▶ STUDY MATERIAL
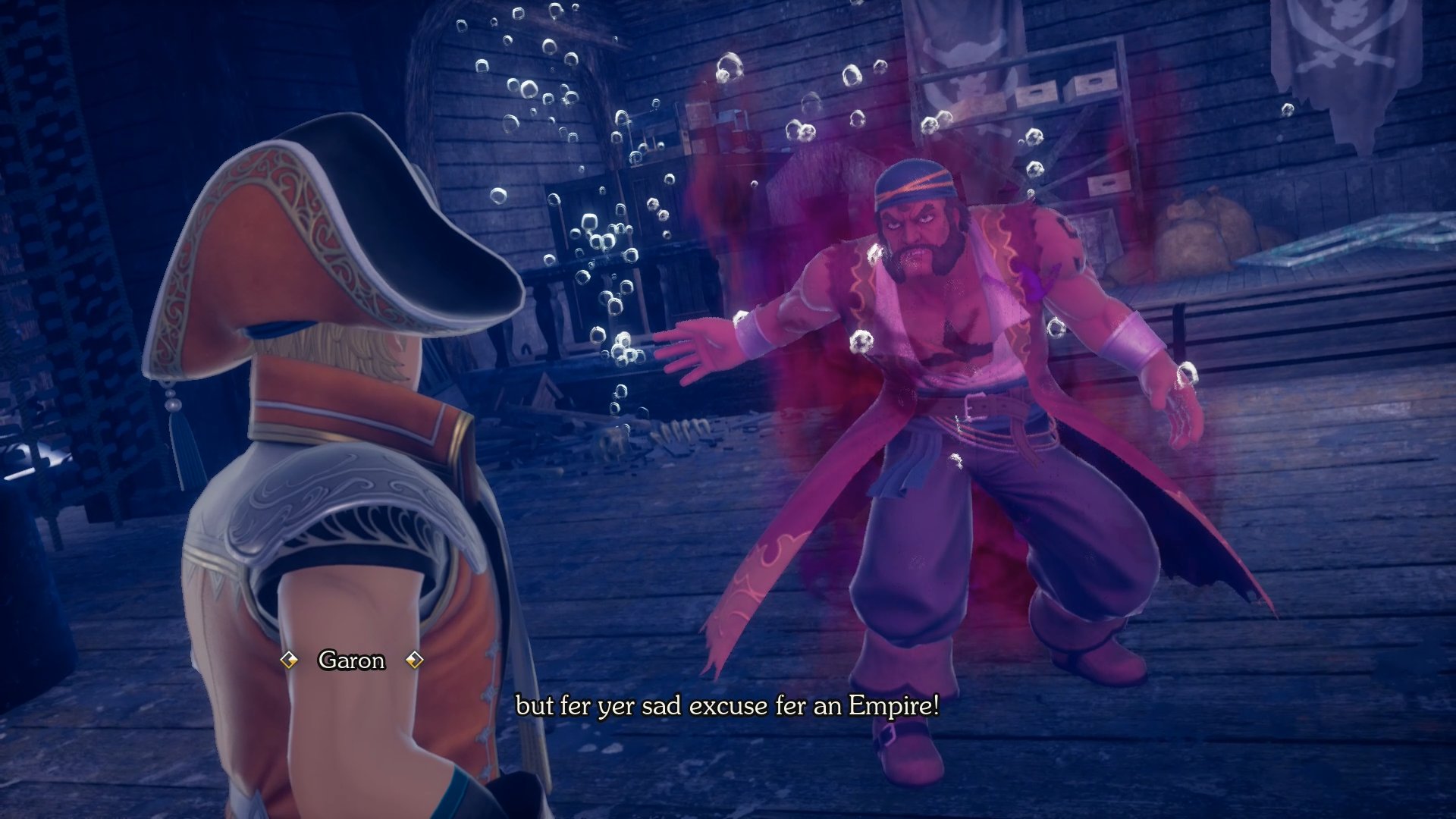 One day, the small port town of Toba in South Longit is struck by a fierce storm that shows no sign of letting up. The storm has left the locals unable to fish. A diver from the town informs the Emperor that a pirate by the name of Garon was shipwrecked somewhere in the middle of the South Longit Sea after being attacked by Narwhal, Ruler of the Seas. Garon still haunts the region, and his ghost is suspected to be the cause of the storm.
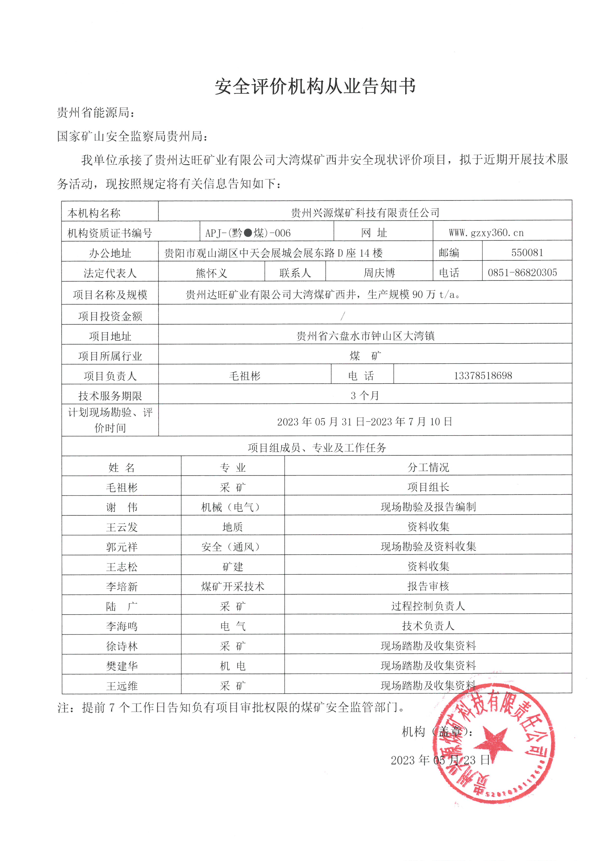 安全評價機構(gòu)從業(yè)告知書【貴州達旺礦業(yè)有限公司大灣煤礦西井安全現(xiàn)狀評價】
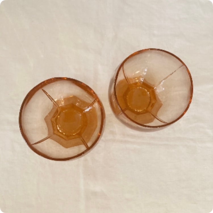 フランスから買付けた、愛らしいピンク系のアンバーガラス製のグラスです。
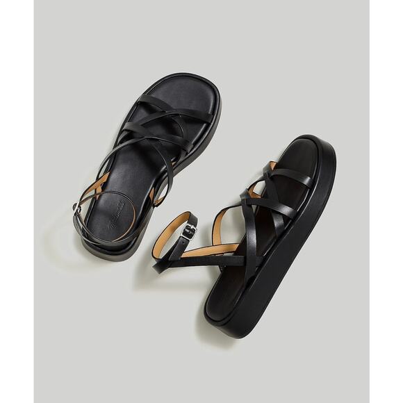 For sale a pair of like-new Sabina Flatform Sandal by Madewell. Color Black. Size Women 9M. I purchased these for a reunion weekend event and have not worn them since. Tip-top shape. Clean. No marks, scuffs or blemishes. Comfortable, stylish sandals. Purchased from the Madewell store in Chicago.
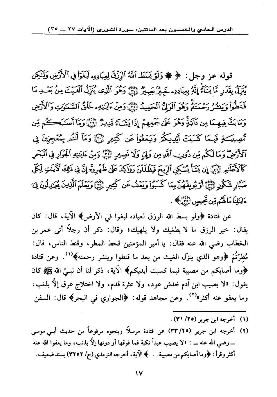 عن قتادة: {وَلَوْ بَسَطَ اللَّهُ الرِّزْقَ لِعِبَادِهِ لَبَغَوْا فِي الْأَرْضِ} الآية، قال: كان يقال: خير الرزق ما لا يطغيك ولا يلهيك؛ وقال: ذكر أن رجلاً أتى عمر بن الخطاب رضي الله عنه فقال: يا أمير المؤمنين قحط المطر، وقنط الناس، قال: مطرتم {وَهُوَ الَّذِي يُنَزِّلُ الْغَيْثَ مِن بَعْدِ مَا قَنَطُوا وَيَنشُرُ رَحْمَتَهُ} . وعن قتادة: {وَمَا أَصَابَكُم مِّن مُّصِيبَةٍ فَبِمَا كَسَبَتْ أَيْدِيكُمْ} الآية، ذكر لنا أن نبي الله - صلى الله عليه وسلم - كان يقول: «لا يصيب ابن آدم خدش عود، ولا عثرة قدم، ولا اختلاج عرق إلا بذنب وما يعفو عنه أكثر» . وعن مجاهد قوله: {الْجَوَارِ فِي الْبَحْرِ} ، قال: السفن
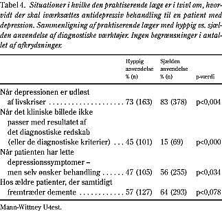 Størstedelen af begge lægegrupper (ca. 70%) anvendte en eller anden form for samtaleterapi som en del af den samlede antidepressive behandling. Begge grupper mente, at de vigtigste behandlingsmål (>86%) var, at patienten subjektivt oplevede, at behandlingen hjalp, og at den sociale funktionsevne blev genvundet. Begge grupper var desuden i tvivl om, hvornår en patient med depressionssymptomer er medikamentelt behandlingskrævende (95,3%). Gruppen af læger, der sjældent anvendte diagnostiske redskaber, var dog signifikant hyppigere i tvivl, når depressionen var udløst af livskriser, eller når patienten kun havde lette depressionssymptomer, men selv ønskede behandling, end lægegruppen med hyppig anvendelse af diagnostiske redskaber (Tabel 4 ). Sidstnævnte lægegruppe var kun hyppigere i tvivl end lægegruppen med sjælden anvendelse af diagnostiske redskaber, hvis der var uoverensstemmelse mellem den kliniske vurdering og resultatet af den diagnostiske rating.
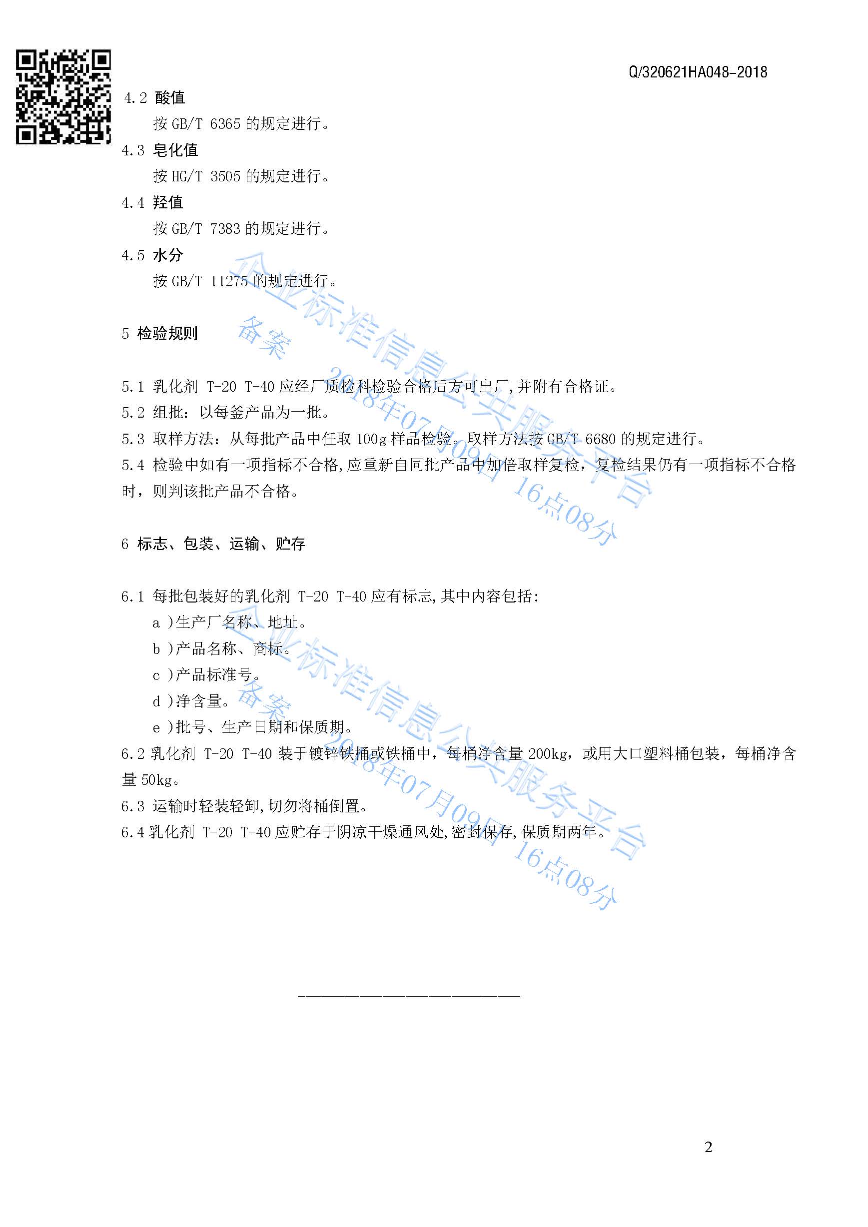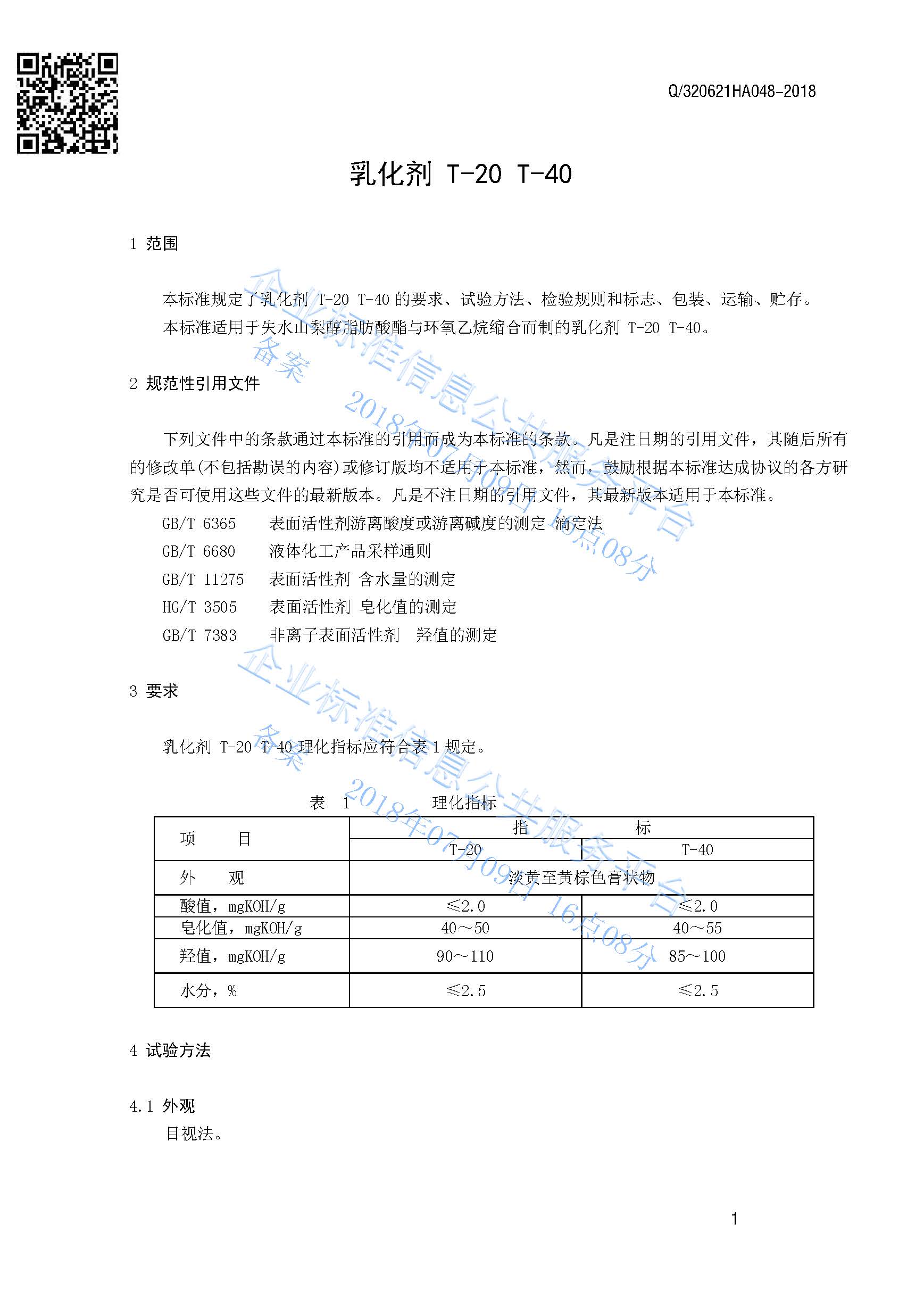 Q/320621HA048-2018 乳化剂T-20 T-40产品标准
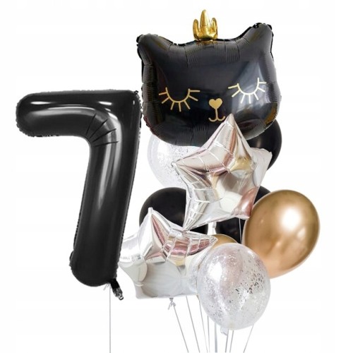Zestaw balonów 7 siódme urodziny kotek kot czarny
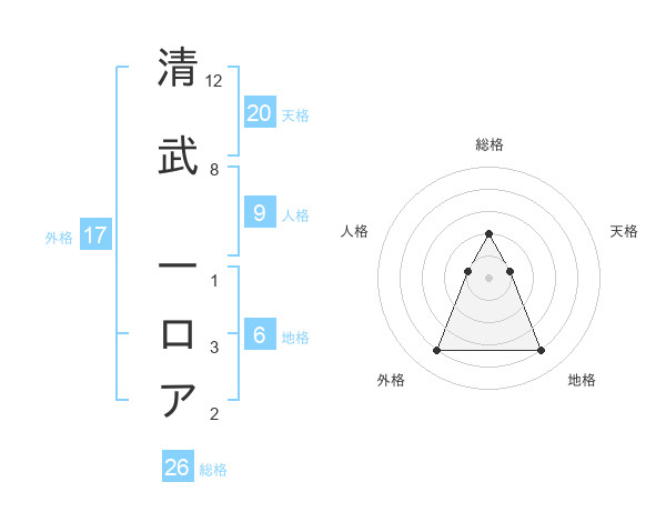清武 一ロアさんを姓名の画数から五運を鑑定
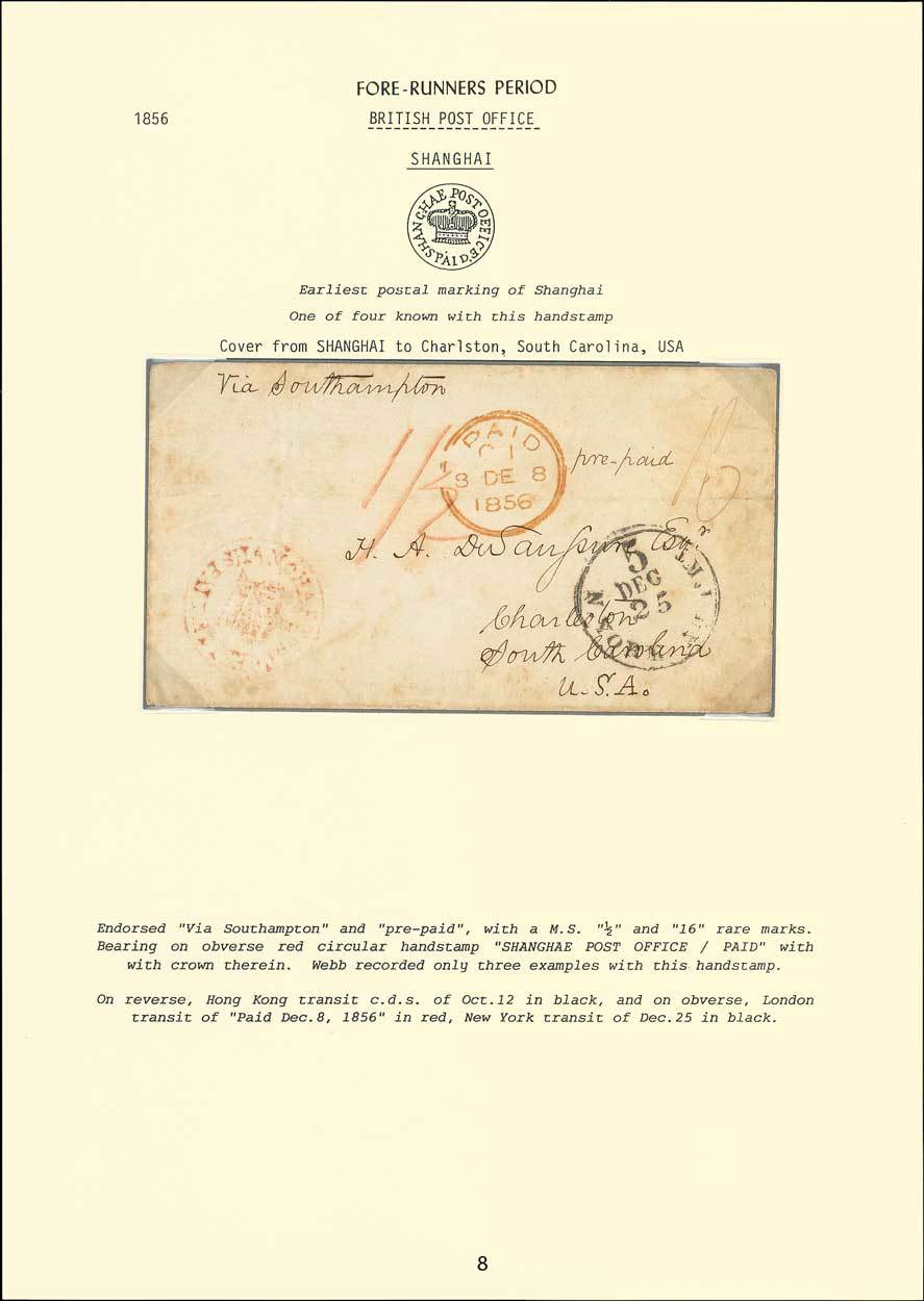 1856 (Oct.) envelope to South Carolina "Via Southampton" bearing a light strike of the first postmark of Shanghai, the large Crowned "shanghai post office/paid" struck in red. The cover bears "1/2" and "16" rate marks with good strike of London Paid (8.12) and New York (25.12) transit c.d.s., the reverse with Hong Kong (12.10) c.d.s. in black. Light creasing and ageing and one of only three such covers recorded as posted to U.S.A.
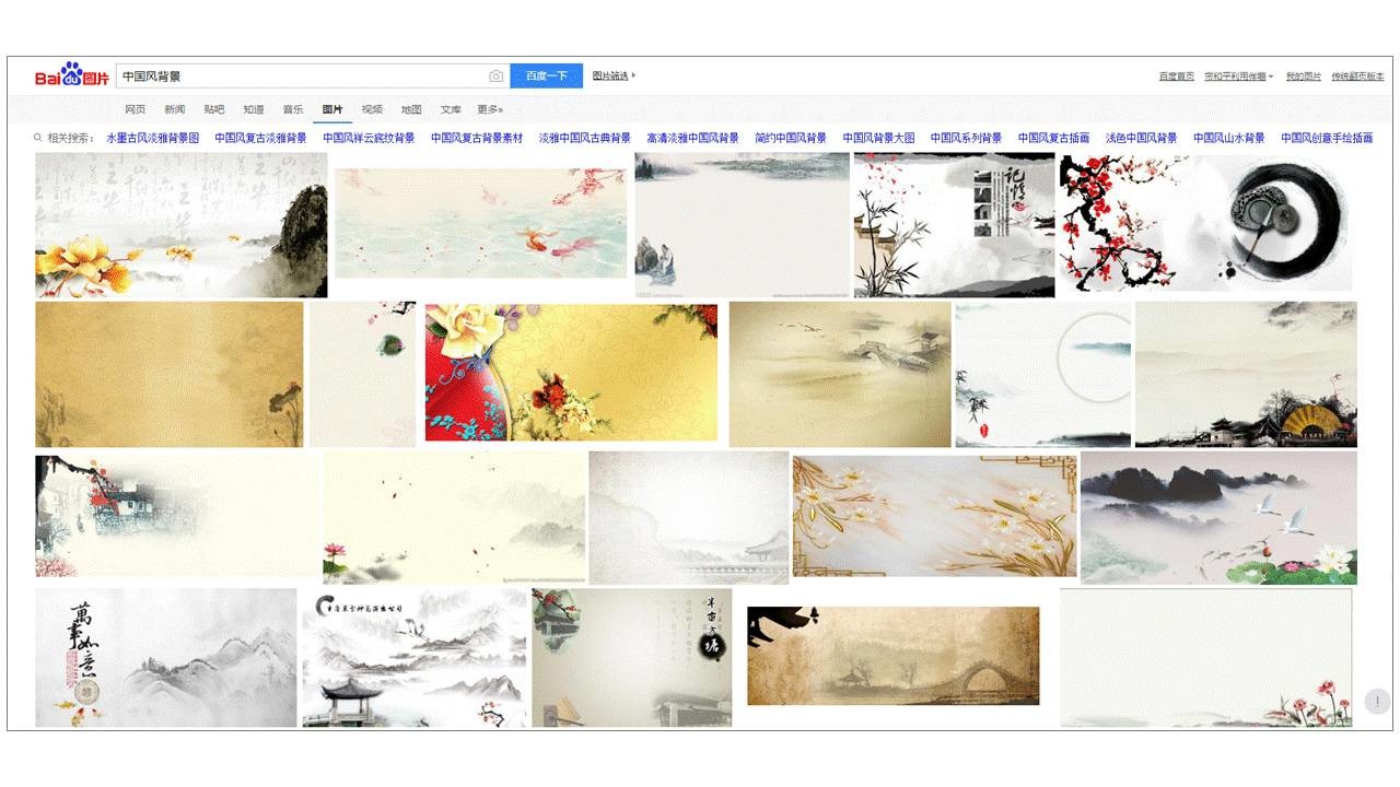 提到中国风的 PPT ,很多人大脑中自然就会想到一些古朴典雅的视觉印象,我在网上找了一些素材:
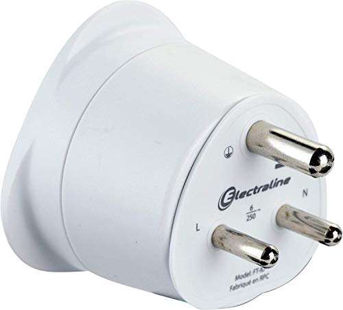 Electraline 70055 Adaptateur de voyage France/Europe vers Afrique du Sud 2 Broches Europe vers 3 Broches Afrique du Sud, Blanc

▶ TASK ITEM
Word for word, restate the lines above from the one with "Zestaw balonów 7" through the one with "清武 一ロアさんを姓名の画数から五運を鑑定", keeping both ends and dropping the pictures.

▶ ANSWER SPACE
Zestaw balonów 7 siódme urodziny kotek kot czarny
清武 一ロアさんを姓名の画数から五運を鑑定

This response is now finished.